Figure 2. Schematic illustration of dual phase computed tomography pulmonary angiogram (DP-CTPA) diagnosis. PE (pulmonary embolism, Supplementary Video 1) lesion shows low density in pulmonary artery phase and aortic phase. PIA (pulmonary insufficiency artifacts, Supplementary Video 2): The diameter of the main pulmonary artery and the left and right pulmonary arteries increases. During the pulmonary artery phase, the pulmonary arteries exhibit filling defects. During the aortic phase, there is still more contrast media filling in the pulmonary arteries and the filling defect in the pulmonary arteries disappears in the aortic phase. S-PSA (systemic-pulmonary shunt artifacts Supplementary Video 3): In pulmonary artery phase, there is a filling defect or no development of the lumen in the pulmonary artery or its branch. The filling defect or no development of the lumen presents as a high density in the aortic phase. Normal (Supplementary Video 4): There is no filling defect in pulmonary arteries both in pulmonary artery phase and aortic phase.

Clinical Data

Quantitative assessment of D-dimer levels in plasma was performed by an immunoturbidimetric method (HemosIL D-dimer HS, Instrumentation Laboratory, USA). Cutoff level D-dimer level for defining elevated D-dimer was >450 ng/mL. Hemodynamic and clinical classification of pulmonary hypertension was done according to the 6th World Symposium on Pulmonary Hypertension (13).

Radiation Dose

An effective radiation dose (ED) was calculated for all patients. The CT scanner recorded the dose-length product (DLP). DLP (mGy·cm) is an indicator of patient dose from CT tube radiation output/exposure. The ED dose was calculated by multiplying DLP by 0.014 mSv/(mGy·cm) (14).

Statistical Analysis

Data were analyzed using R version 4.1.1 (http://www.r-project.org). Normally-distributed continuous variables were compared using Student's t-test, and non-normally distributed continuous variables were compared using the Wilcoxon rank-sum test or Kruskal-Wallis H test. The Chi-squared test or Fisher's exact probability method was used to assess between-group differences with respect to categorical variables. P-values < 0.05 were considered indicative of statistical significance.

Results

A total of 1,019 patients were included in the final analysis, including 660 patients without PE group [59 (49–69) years; male 397, female 263] and 359 with PE group [58 (50–68) years; male 215, female 144]; there were no significant between-group differences with respect to sex or age (Table 1). Patients in the PE group were more prone to chest pain and elevated levels of D-dimer than those in the without PE group (chest pain: 93.59 vs 79.39%; elevated D-dimer levels: 92.76 vs. 49.39%, respectively, P < 0.001). Also, more patients experienced hemoptysis in the non-PE group compared with those in the PE group (26.67 vs. 4.18%, P < 0.001). In terms of complications, patients in the non-PE group were more likely to be complicated with bronchiectasis (16.21 vs. 0.84%, P < 0.001), chronic lung infection (11.82 vs. 2.79%, P < 0.001), pulmonary hypertension (7.73 vs. 4.18%, P < 0.05), pleural effusion (13.79 vs. 0.84%, P < 0.001) and lung cancer (9.97 vs. 2.23%, P < 0.001) than those in the PE group.

TABLE 1

Table 1. Clinical characteristics of patients with PE and without PE.

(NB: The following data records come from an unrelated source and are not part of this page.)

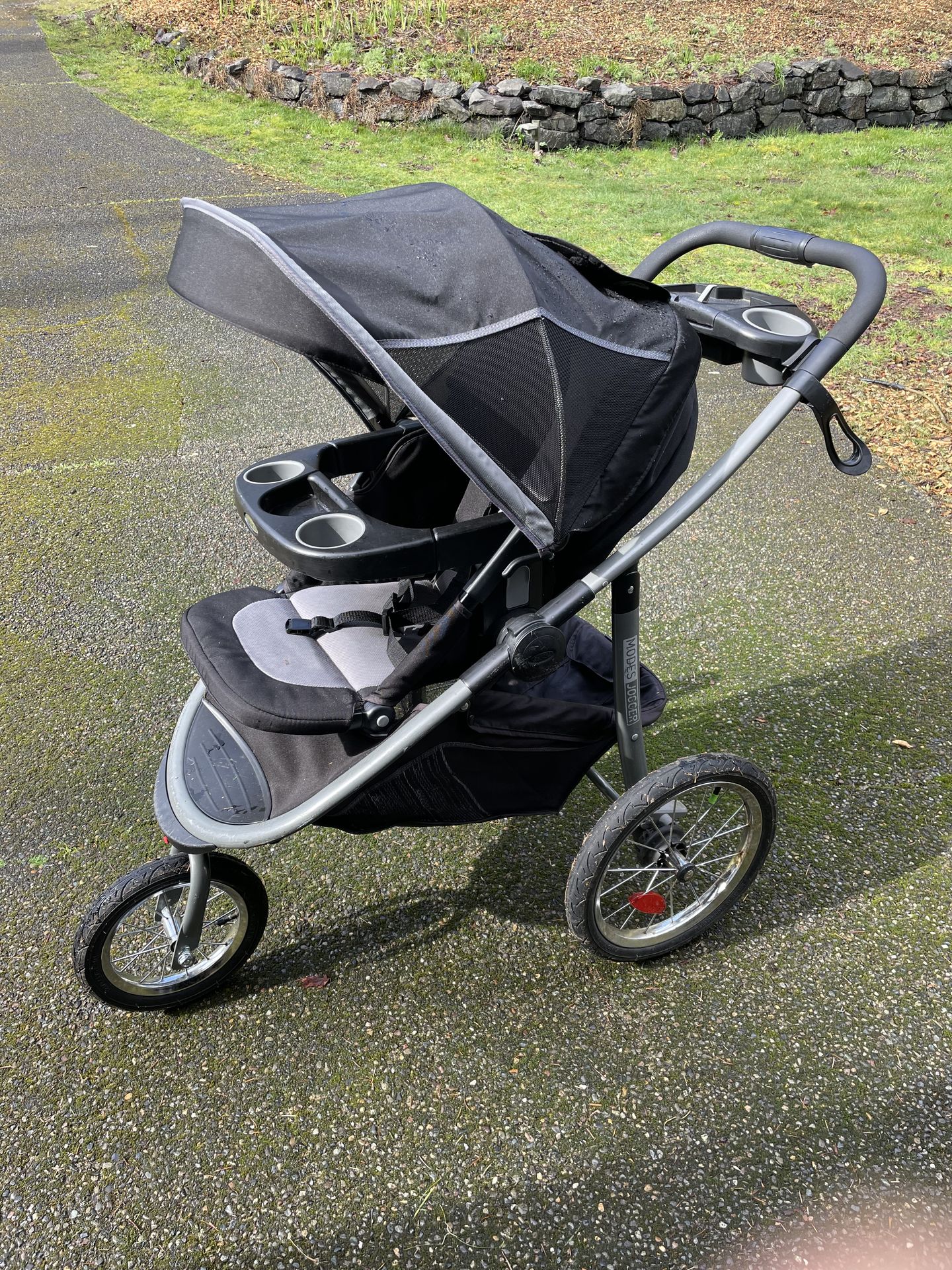 Jogging stroller. New back tires. The stroller is compatible with Graco infant car seat as well. Just unhook the existing seat and clip in the car seat (facing you). This allows you to use it from the time they are born. We used it in the airport. A small carryon luggage can fit in the bottom! The airline would always check the stroller at the gate, which was super handy.
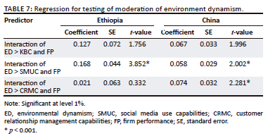 Furthermore, as suggested KBC impacts positively and enhances the firm performance. However, the results are contrary to these hypotheses. Knowledge-based capabilities is nonsignificant in Ethiopia and significant in China; thus H4 is significant in China and insignificant in Ethiopia (βEthiopia = 0.061, tEthiopia = 0.234, βChina = 0.331, tChina = 5.253***). The H5 states that SMUC, social skill competency, social media sales intensity, demand articulation and community characteristics positively impact firm performance in both countries. The results are supported by this view (βEthiopia = 0.466, tEthiopia = 11.117***, βChina = 0.388, tChina = 7.244***). Finally, H6 states that CRMC has a statistically substantial influence impact on firm performance in the context of Ethiopia and China. The results reveal that CRMC has no impact on firm performance in both countries (βEthiopia = (0.003), tEthiopia = 0.551, βChina = 0.061, tChina = 1.058) (see Table 5).
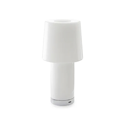 Le bouton touch transparent permet l'allumage, l'arrêt et le réglage de l'intensité de la lumière. La lampe est alimentée par une batterie dont la durée est de 8 heures et rechargeable par un câble avec prise USB inclus. Alimentation sur la prise non inclus. Utilisation intérieur/extérieur. LED integrée 2x0,7W 2700K, CRI>80, 220Lm, touch dimmer.
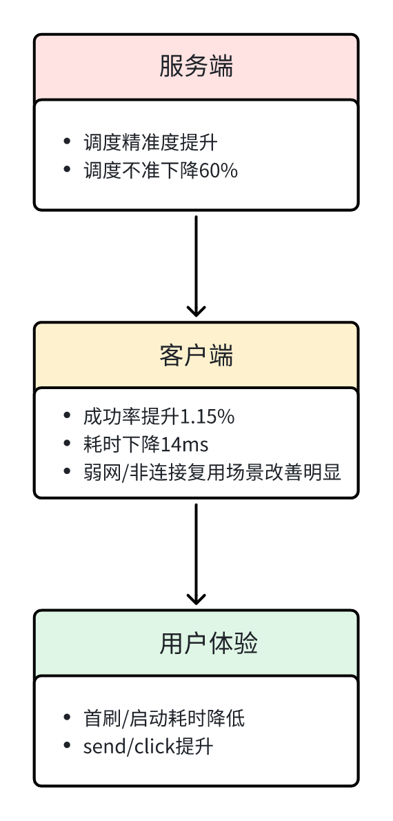 本方案通过服务端精准调度 → 客户端性能优化 → 用户行为改善的闭环,实现了全链路效能提升,既保证了调度精度,也优化了客户端访问体验和用户活跃度。
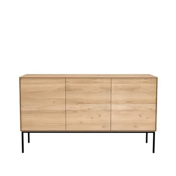 Whitebord sidebord fra Ethnicraft er et elegant møbel som forener kontrasterende elementer gjennom sine myke, runde ben og grafiske rette linjer. Designen tilbyr både praktisk oppbevaring og en visuell balanse i rommet, samtidig som den står som en tidløs del av innredningen.
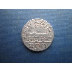 Монета 200 рейс Бразилія 1937 транспорт паровоз
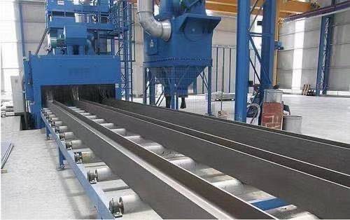 型鋼拋丸機用于大型工字型鋼、H型鋼尺寸較高的鋼結構件消除應力及表面除銹清理。輥道通過式拋丸機,清理過程中由電氣控制的可調速輸送輥道將鋼結構件或鋼材送進清理機室體內拋射區,其周身各面受到來自不同坐標方位的強力密集彈丸打 擊與磨擦,使之其上的氧化皮、銹層及其污物迅速脫落,鋼材表面就獲得一定粗糙度的光潔表面,在清理室外兩邊進出口輥道裝卸工件。
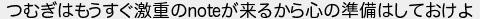 785: 名無しさん@お腹いっぱい。 (ワッチョイ 2eed-YPA5) [] 2021/01/04(月) 01:30:13 ID:6v0afmUX0 つむぎはもうすぐ激重のnoteが来るから心の準備はしておけよ http://egg.5ch.net/test/read.cgi/streaming/1609006708/785
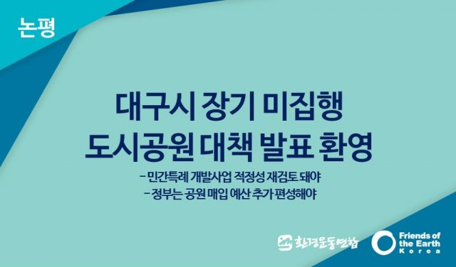 아울러 이번 대책에 포함되지 못한 15개소의 장기미집행 도시공원에 대한 계획도 조속한 시일 내에 발표되기를 바란다. 혈세낭비 논란이 있는 개발 사업은 멈추고 공원 매입 예산을 늘여나가는 정책 기조를 지속적으로 이어가길 바란다. 또한 민간특례로 진행 중인 수성구 대구대공원, 달서구 갈산공원, 북구 구수산공원의 경우에는 그 적정성에 대해 재검토해서 개발 비율을 최소화 하고 자연성을 최대한 살리는 방향으로 진행되길 촉구한다.
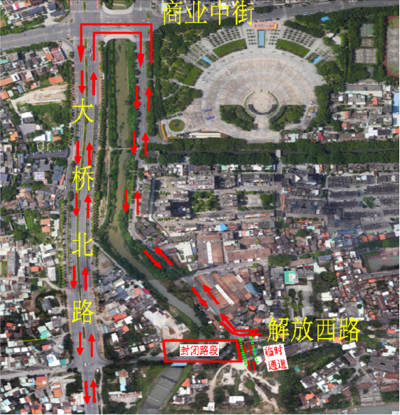 大橋北路至解放西路方向:大橋北路→商業中街→榕溪路→解放西路。
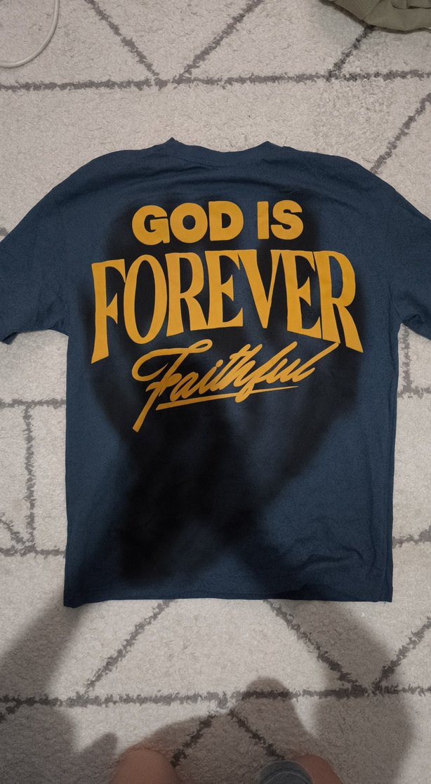 Lacivert renk, pamuk kumaşlı, bol kesim kısa kollu erkek tişört. Ön ve arka yüzünde 'God is Forever Faithful' altın sarısı baskı detayı bulunur. L bedendir. Hiç giyilmedi sadece alındığı gün yıkanıp dolaba kaldırıldı tertemizdir etiketi mevcut değildir.
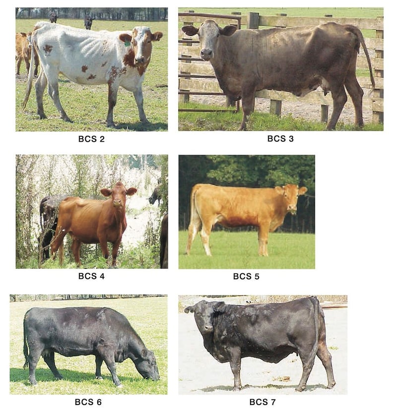 A side-by-side comparison of cows with BCS 2-7 to help you better visualize the scoring system
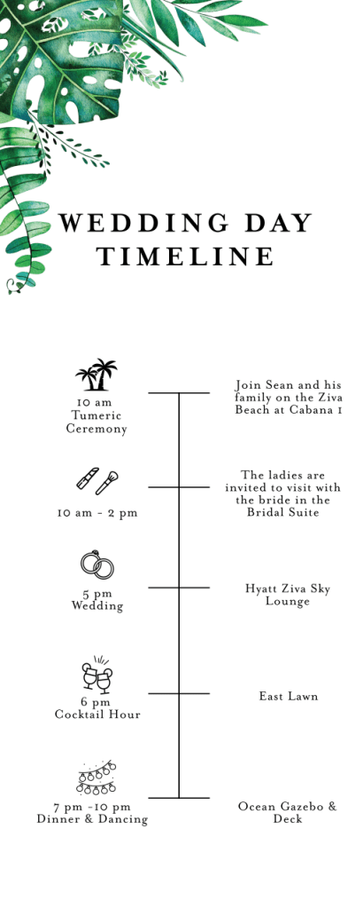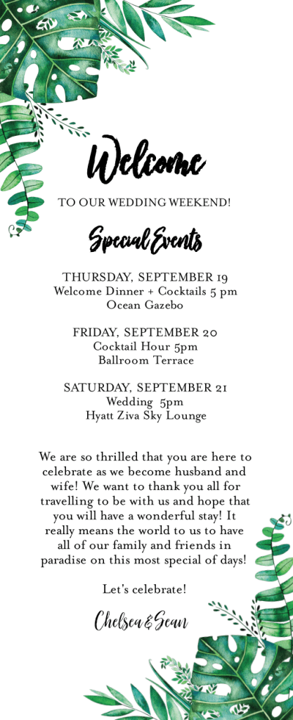 Typically at weddings I have been to the bride and groom left the welcome gifts at the hotel check-in desk. The Hyatt Zilara Rose Hall, where we got married did not allow for this. Instead they hand delivered each bag to the guests room. This was a nice touch that I think the guests appreciated, but there is a charge for this service. I used these name tags on each bag tied on with gold ribbon, so they would know where to deliver them [this is something I had done ahead of time, I packed the bags with the name tags already tied on]. I ultimately felt like it was worth it though, so no one was wandering around looking for people trying to deliver the bags, and the guest had an itinerary on arrival which is so helpful for organizing things. I wish I had a picture of the finished product because they turned out pretty cute, but we were busy having fun.
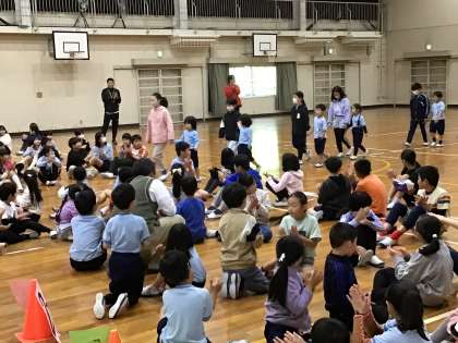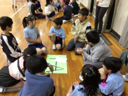 縦割り班に分かれて自己紹介やゲームをしました。難しいところは、6年生が優しくサポートしていました。
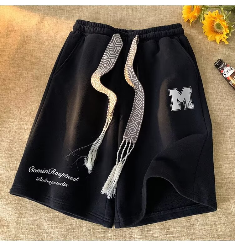 2024 뜨거운 판매 인기있는 반바지 남성 여름 얇은 미국 하이 스트리트 트렌디 반바지 느슨한 스포츠 캐주얼 중간 바지
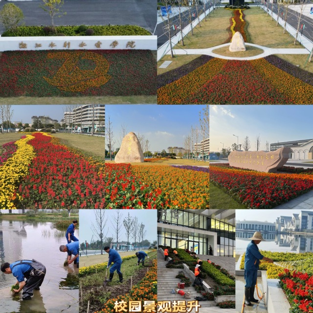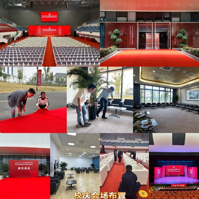 在校庆校园氛围营造中,浔水物业根据总务处的统一部署,督促外包物业做好校园景观提升,校庆活动的主会场、贵宾室、嘉宾室等布置、铺设地毯、搬运桌椅、会场茶水服务及卫生清理等工作,并组织全体人员对体育馆、大剧院、图书馆、蕴物馆、室外等重点位置及参观区域进行两次全面的校园环境综合治理,除此之外对校园内各主要景观区域花卉进行统一设计、统一布置、精心养护,对校友打卡地、校友座谈会、校友休息区等主要场地周边绿地、水域、灌木等进行集中修剪打造草齐、花艳、树美、人文的校园环境,为校友和宾客提供舒心、暖心的感官体验。
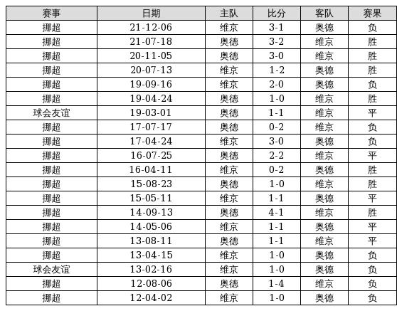 奥德 VS 维京两队近10年的交战次数为20场,奥德7胜5平8负,赢球概率为35%,平局概率为25%,输球概率为40%。
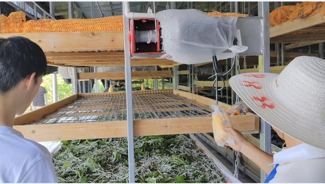 在了解当地的总体情况后,实践团便出发参观了当地带动乡村振兴的主产业——蚕桑养殖基地。养蚕基地管理人员向大家介绍了桑蚕养殖的历史、主要工序、喂养方法以及工厂化养蚕模式,桑蚕养殖包括种桑、养蚕、采茧、加工等工序,其中,种桑和养蚕是桑蚕养殖的核心环节。
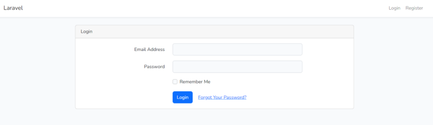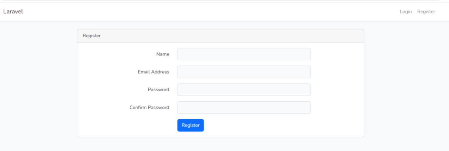 http://127.0.0.1:8000/registerpada browser maka akan tampil halaman login seperti berikut. "
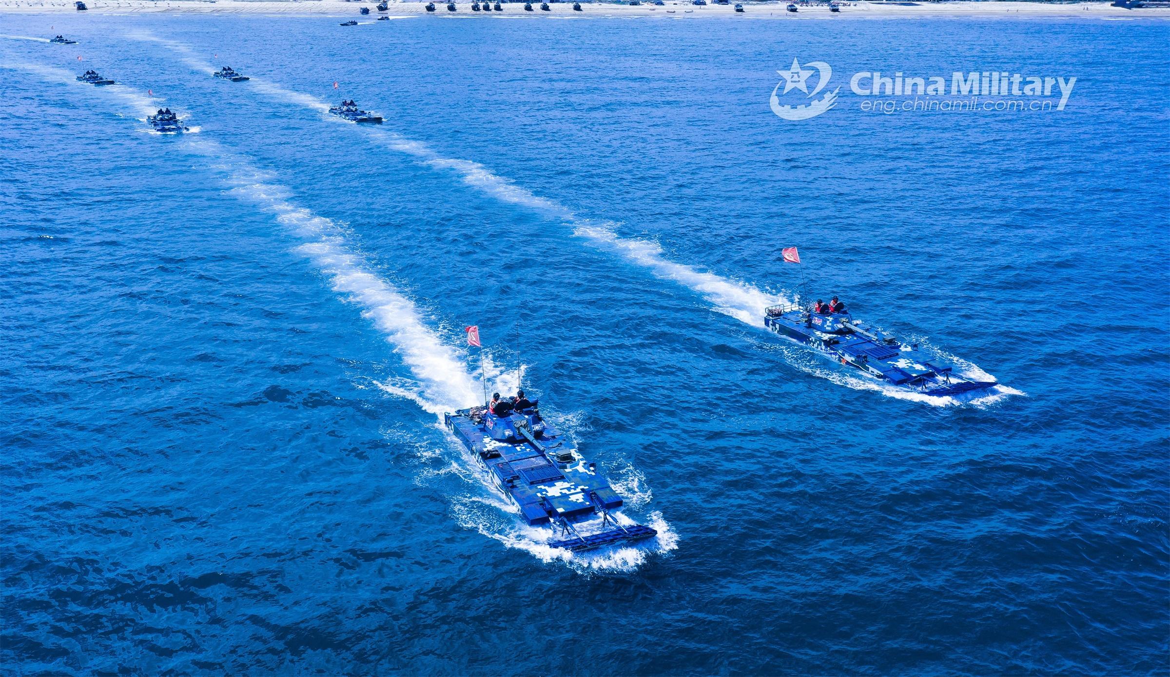 Amphibious armored vehicles attached to a brigade of the PLA Navy's Marine Corps make their way to the beach-head during a maritime offense and defense training exercise recently. (eng.chinamil.com.cn/Photo by Tang Ruijie)
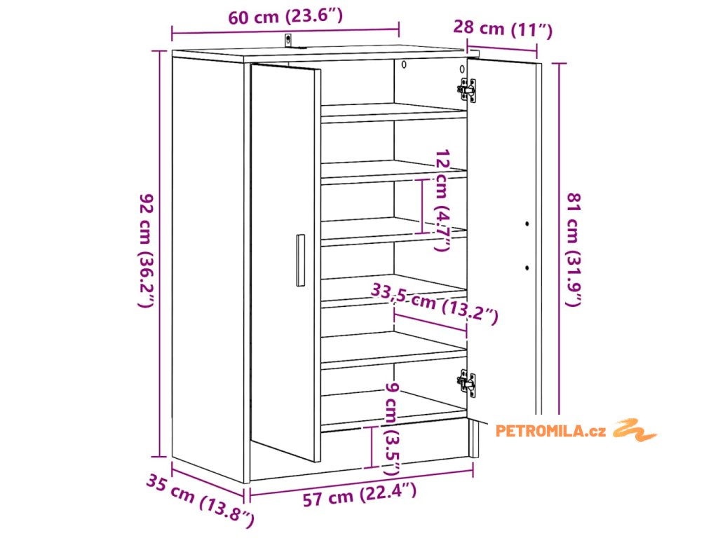 Botník je vyrobený z kvalitního kompozitního dřeva, které mu propůjčuje nejen elegantní vzhled, ale také výtečnou stabilitu a odolnost. Dvířka vám umožní uschovat si obuv hezky uvnitř, kde nebude na očích. Skříňka je navíc poměrně velká a poskytne vám místo na mnoho párů bot.
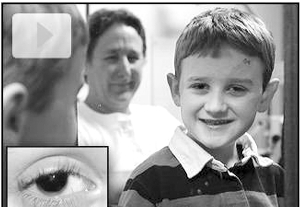7岁的纳撒尼尔·布兰特雷家住美国俄亥俄州辛辛那提市郊,患有一种发病率仅为10万分之一的罕见怪病——先天性无虹膜症。对于正常人而言,日间光线较为强烈时,虹膜会收蹜,只使一小束光线穿透瞳孔,进入眼睛;当进入黑暗环境中,虹膜就会往后退缩,使瞳孔变大,让更多的光线进入眼睛。然而由于先天缺失虹膜,纳撒尼尔的瞳孔无法收缩,导致过多的光线进入眼球,由此造成视力低下、青光眼、眼球震颤等多种眼科疾病。

Two experienced doctors evaluated SP-CTPA and DP-CTPA to diagnose patients with a good consistency (Kappa index: 0.919 and 0.916, respectively), and the test results were obtained after discussion. Compared with the FCD, 352 cases of PE were diagnosed with both SP-CTPA and DP-CTPA, with the same sensitivity of 98.1% (99.6–99.5%) (Table 2). One hundred forty-two cases were false positive in SP-CTPA with specificity of 78.5% (75.3–81.6%), positive predictive value of 0.713 and negative predictive value of 0.987. No false positive was found in DP-CTPA, with specificity of 100%, positive predictive value of 1, and negative predictive value of 0.990. The diagnostic ability of DP-CTPA was found to be greater than that of SP-CTPA [Net Reclassification Improvement (NRI) = 0.215; P < 0.05].

TABLE 2

Table 2. Coincidence between single phase-computed tomography pulmonary angiography (SP-CTPA) and dual phase-computed tomography pulmonary angiography (DP-CTPA) in the diagnosis of PE and the FCD.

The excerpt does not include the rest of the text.